* Provided information *
■ ■ ■ ■ ■

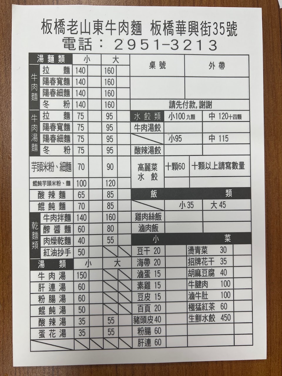 2024最新在地推薦餐廳的菜單_板橋老山東牛肉麵的菜單、圖片
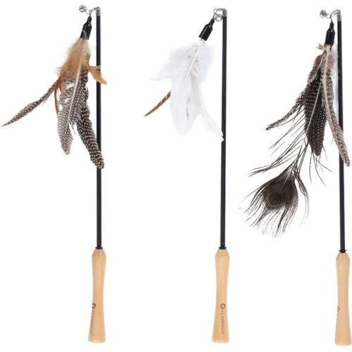 sklolaminátová hůlka s dřevěnou rukojetí s cinkající rolničkou, hustými peříčky a dřívkem matatabi zahání nudu, stimuluje lovecký instinkt vyměnitelný/rozšiřitelný závěs nastavitelná délka hůlky
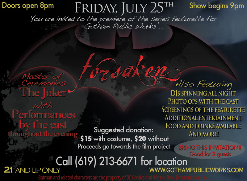 Just days away! As usual we'll have a presence at Comic-Con, suited up and ready give you some Gotham, but we've got something extra special in store this year. To start off the "Batman Forsaken" series with a bang and to help raise funds we're hosting a big premiere bash for the featurette on Friday, July 25th! We've got a lot in store for you at this party, but I'll let the flyer tell you more:
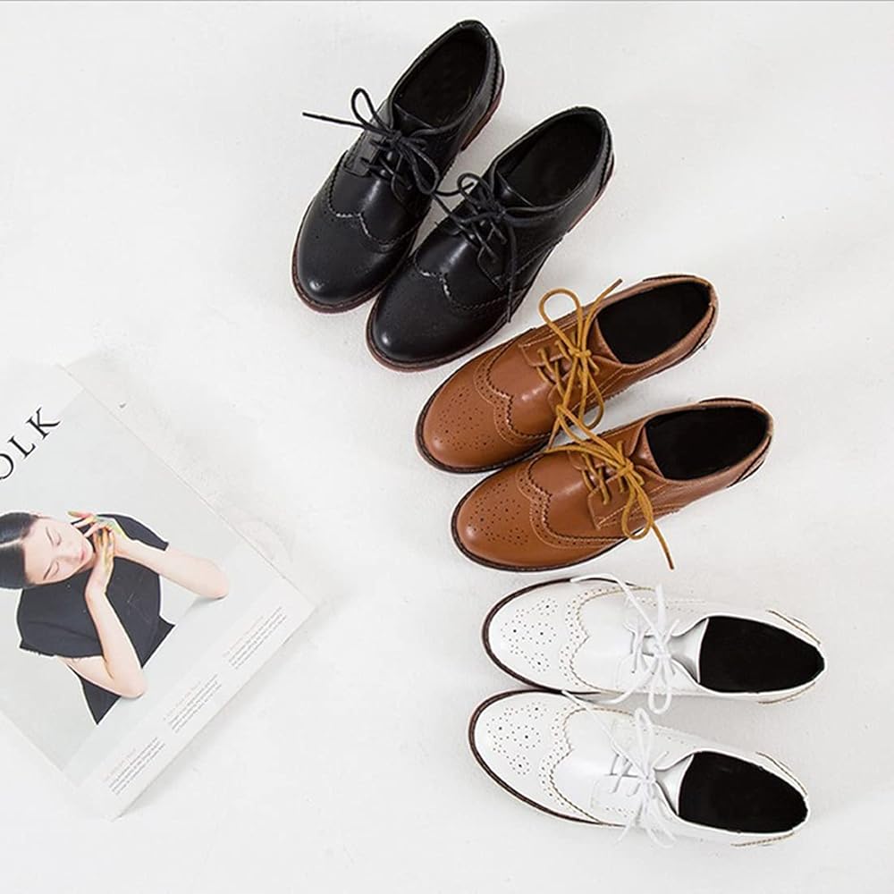 ZengyeZoo womens wingtip derby saddle shoes featuring low heel supporting every step with comfort and retro british oxford trimmed with brogue carving details, lace up closure to keep you firmly on-trend.
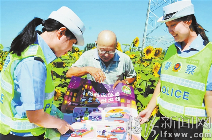 臨汾新聞網訊 近日,堯都區公安局交警大隊民警在轄區村莊宣傳交通法規知識。連日來,該大隊結合轄區農村道路實際,開展“暢行安全路,幸福奔小康”進村入戶秋季交通安全宣傳活動,向村民宣講騎摩托車、電動車不戴安全頭盔以及違法載人等交通違法行為的危害,引導群眾不占道曬糧、揚塵,避免引發交通事故。
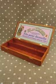 Cette belle boîte en bois rectangulaire avec ses étiquettes bleues, vous permettra de ranger vos bobines de fil. À l’intérieur, une séparation, vous permettra d’aligner côte à côte deux rangées de bobines. À titre d’exemple, elle peut contenir :
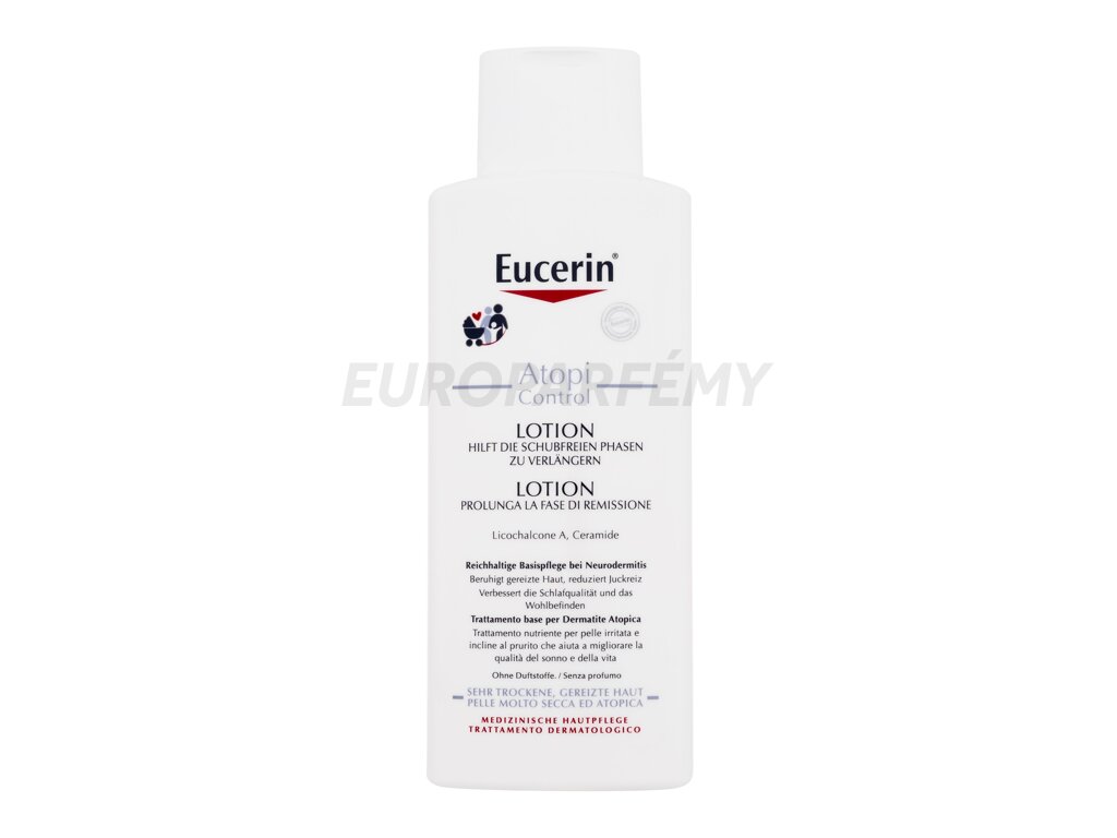 Suchá, atopická pokožka se neobejde bez každodenní kosmetické péče. Bohaté, vyživující tělové mléko Eucerin AtopiControl Body Lotion vám umožní mít stav pod kontrolou a prodlouží intervaly mezi nepříjemnými kožními projevy. Vyzkoušejte i vy tento výjimečný produkt pro zklidnění a intenzivní hydrataci podrážděné a svědivé pokožky. Klinické studie prokázaly jeho velmi dobrou účinnost a kožní snášenlivost na postižené pokožce. Zjistilo se také, že podporuje spánek a celkově zlepšuje kvalitu života pacientů s atopickou dermatitidou.
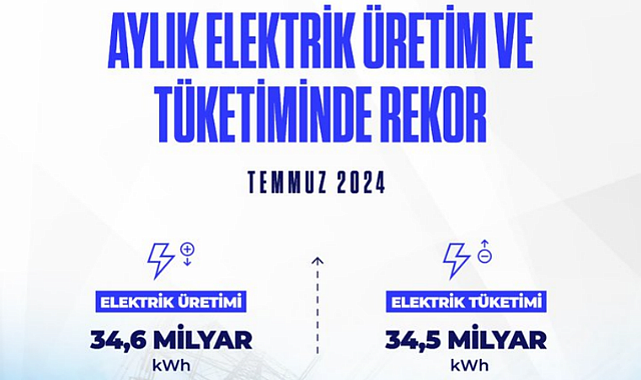 Elektrik üretimi 34,6 Milyar kWh, tüketimi de 34,5 Milyar kWh ile tüm zamanların en yüksek aylık değerine ulaştı.
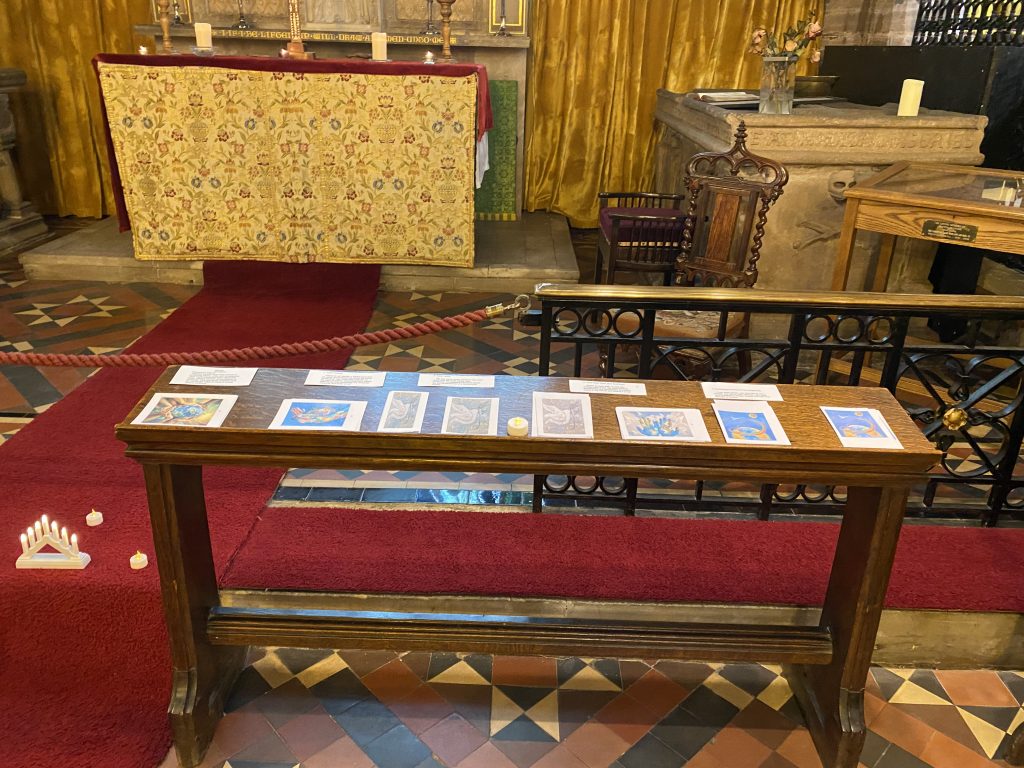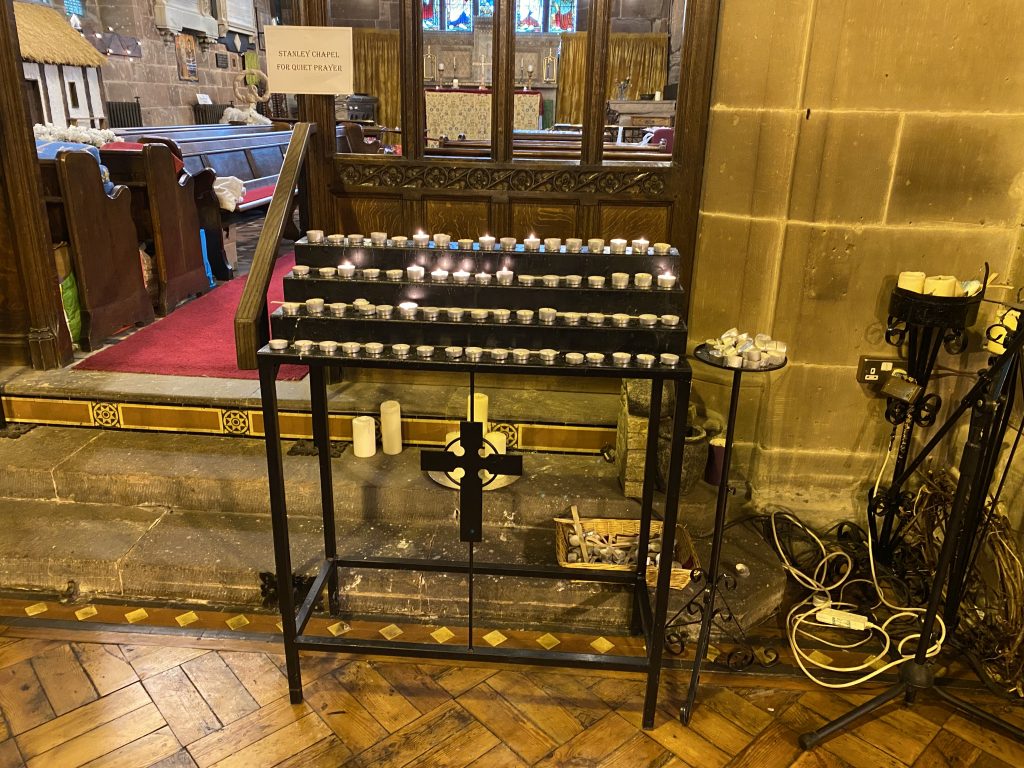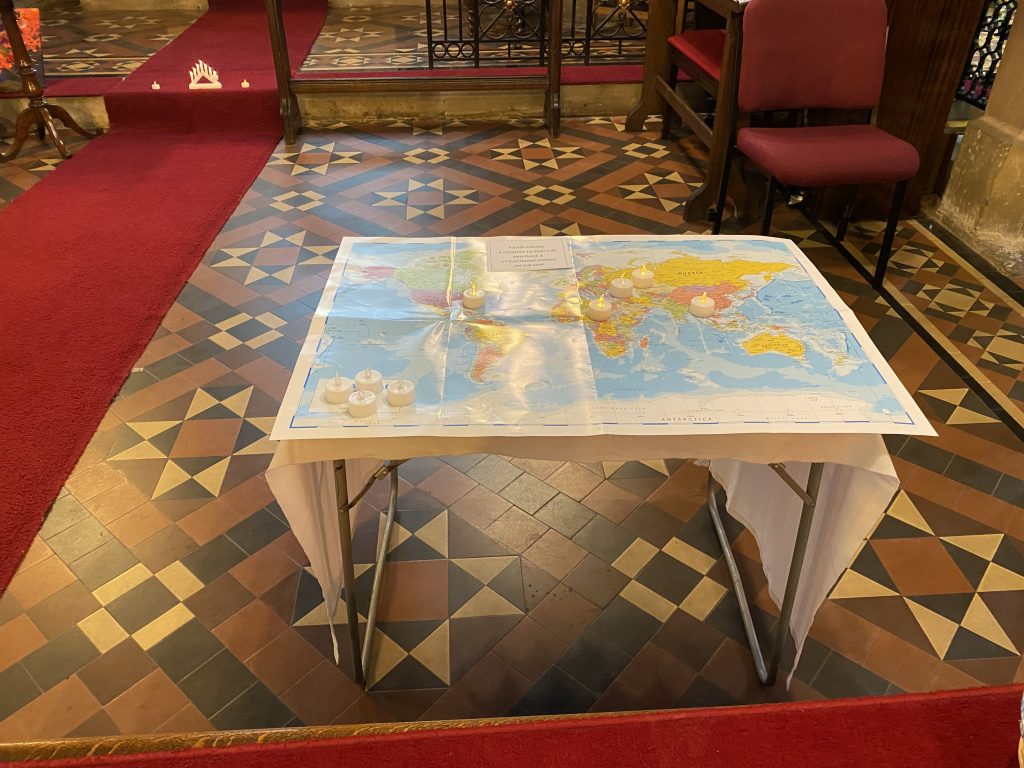 There were prayers for peace on the screen and contemplative music. Focal points were set up in the Stanley Chapel and coloured ribbons (representing world flags) were tied to the yew tree railings outside.

■ ■ ■ ■ ■

Please print every record exactly, leaving out the pictures.

 2024最新在地推薦餐廳的菜單_板橋老山東牛肉麵的菜單、圖片
 sklolaminátová hůlka s dřevěnou rukojetí s cinkající rolničkou, hustými peříčky a dřívkem matatabi zahání nudu, stimuluje lovecký instinkt vyměnitelný/rozšiřitelný závěs nastavitelná délka hůlky
 Just days away! As usual we'll have a presence at Comic-Con, suited up and ready give you some Gotham, but we've got something extra special in store this year. To start off the "Batman Forsaken" series with a bang and to help raise funds we're hosting a big premiere bash for the featurette on Friday, July 25th! We've got a lot in store for you at this party, but I'll let the flyer tell you more:
 ZengyeZoo womens wingtip derby saddle shoes featuring low heel supporting every step with comfort and retro british oxford trimmed with brogue carving details, lace up closure to keep you firmly on-trend.
 臨汾新聞網訊 近日,堯都區公安局交警大隊民警在轄區村莊宣傳交通法規知識。連日來,該大隊結合轄區農村道路實際,開展“暢行安全路,幸福奔小康”進村入戶秋季交通安全宣傳活動,向村民宣講騎摩托車、電動車不戴安全頭盔以及違法載人等交通違法行為的危害,引導群眾不占道曬糧、揚塵,避免引發交通事故。
 Cette belle boîte en bois rectangulaire avec ses étiquettes bleues, vous permettra de ranger vos bobines de fil. À l’intérieur, une séparation, vous permettra d’aligner côte à côte deux rangées de bobines. À titre d’exemple, elle peut contenir :
 Suchá, atopická pokožka se neobejde bez každodenní kosmetické péče. Bohaté, vyživující tělové mléko Eucerin AtopiControl Body Lotion vám umožní mít stav pod kontrolou a prodlouží intervaly mezi nepříjemnými kožními projevy. Vyzkoušejte i vy tento výjimečný produkt pro zklidnění a intenzivní hydrataci podrážděné a svědivé pokožky. Klinické studie prokázaly jeho velmi dobrou účinnost a kožní snášenlivost na postižené pokožce. Zjistilo se také, že podporuje spánek a celkově zlepšuje kvalitu života pacientů s atopickou dermatitidou.
 Elektrik üretimi 34,6 Milyar kWh, tüketimi de 34,5 Milyar kWh ile tüm zamanların en yüksek aylık değerine ulaştı.
 There were prayers for peace on the screen and contemplative music. Focal points were set up in the Stanley Chapel and coloured ribbons (representing world flags) were tied to the yew tree railings outside.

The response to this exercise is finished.